Very interesting question. Awarding a
cow for it because I found out a few things looking up information about this.
So, it seems to me that a couple of things come into play here:
1. static vs dynamic binding
2. Type erasure and
polymorphism.
Refer to
https://docs.oracle.com/javase/tutorial/java/generics/bridgeMethods.html
The synthetic/bridge method is generated by the compiler to preserve the polymorphism of generic types after type erasure. That seems to indicate to me that the bridge only gets involved when static binding happens at compile time. Or maybe not. Normally, polymorphism involves dynamic binding so if the correct method to execute is determined at runtime, I would think that there would be no need to go through the bridge method. But then again, the dynamic binding goes by the method signature and only the synthetic bridge method has the signature that matches the one in the parent class after type erasure. I'm just writing this stuff as I think about it so excuse the flipflopping. The more I think about it though the more I tend to agree with the original guess that the polymorphic call goes through the synthetic bridge. The bridge would not be involved if binding happens statically to the subclass method with the specific type.
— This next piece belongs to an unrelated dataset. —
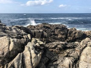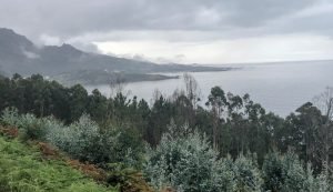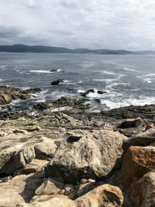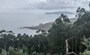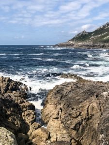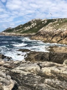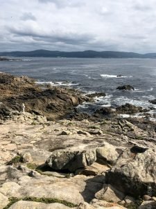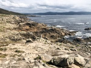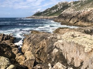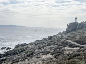 We had been very lucky with the weather the last two days but luck can only take you so far and this is Galicia, after all: unpredictable weather is kinda a thing here and that is definitely part of its beauty. The clouds didn’t deter us from having a blast, however, so after a quick breakfast, we settled our very economical bill at the hotel and headed north. The idea was to cut across through the inland roads back towards Carnota where Fely said a restaurant we should try for lunch was located before indulging my desire to visit the End of the World, or Finisterra, the presumed westmost continental point in Europe. At least the Romans thought so. As with many geographical landmarks, measurement was, until recently, very tricky and there are at least two other points further west in Europe, one in Portugal (Cabo da Roca) and the other in Spain (Cabo Touriñán), a little bit north of Finisterra. Nevertheless, most people have never heard of the other two and tourists flock to Finisterra and its various holy rocks. I don’t know how the Romans figured out this was the place to see the last sun of the day, but in true christian fashion, its significance was borrowed (appropriated?) by the faithful and it became the final destination of many pilgrims walking the Camino who, upon completing their trek to Santiago de Compostela, continue the extra 90 km to watch the sun set. I was now hoping to make my own pilgrimage too.
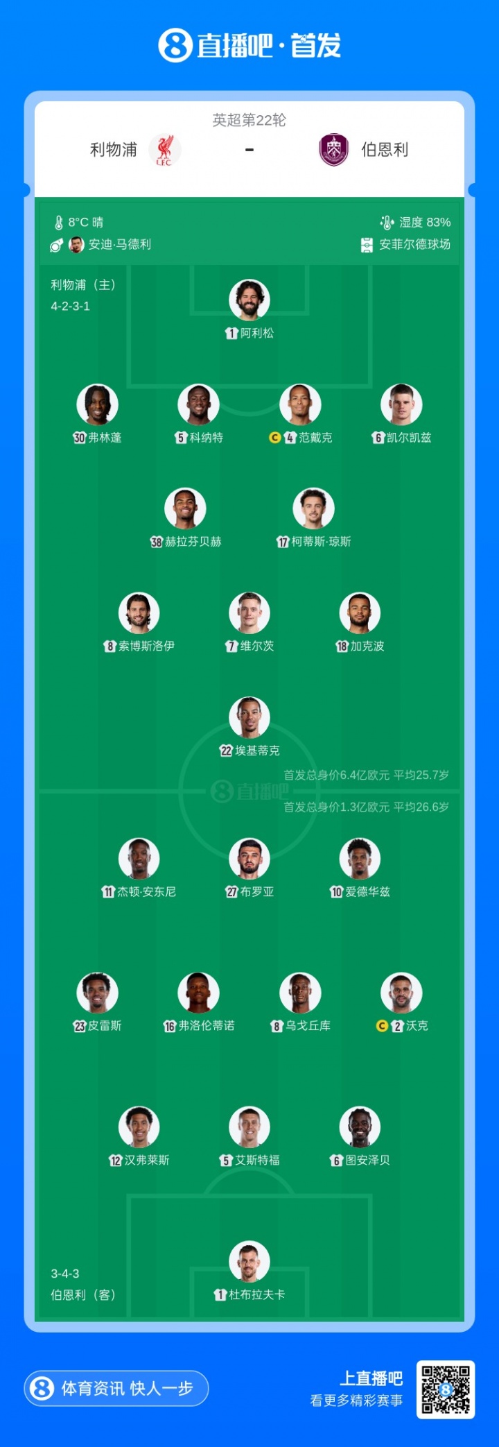 01月17日讯 北京时间23点,英超第22轮,利物浦vs伯恩利,赛前双方首发公布!

Another thing to consider is that a ClassCastException will be thrown at runtime. That would be happening in the synthetic method, which I guess would be the result of static binding(?). Anyway, I haven't tried any of this myself but you might try throwing a runtime exception somewhere strategic so you can look at the stack trace and see if the synthetic method was involved in the call. You'll probably have to put the throw inside an if statement that checks a non-final variable in its condition so your code will compile.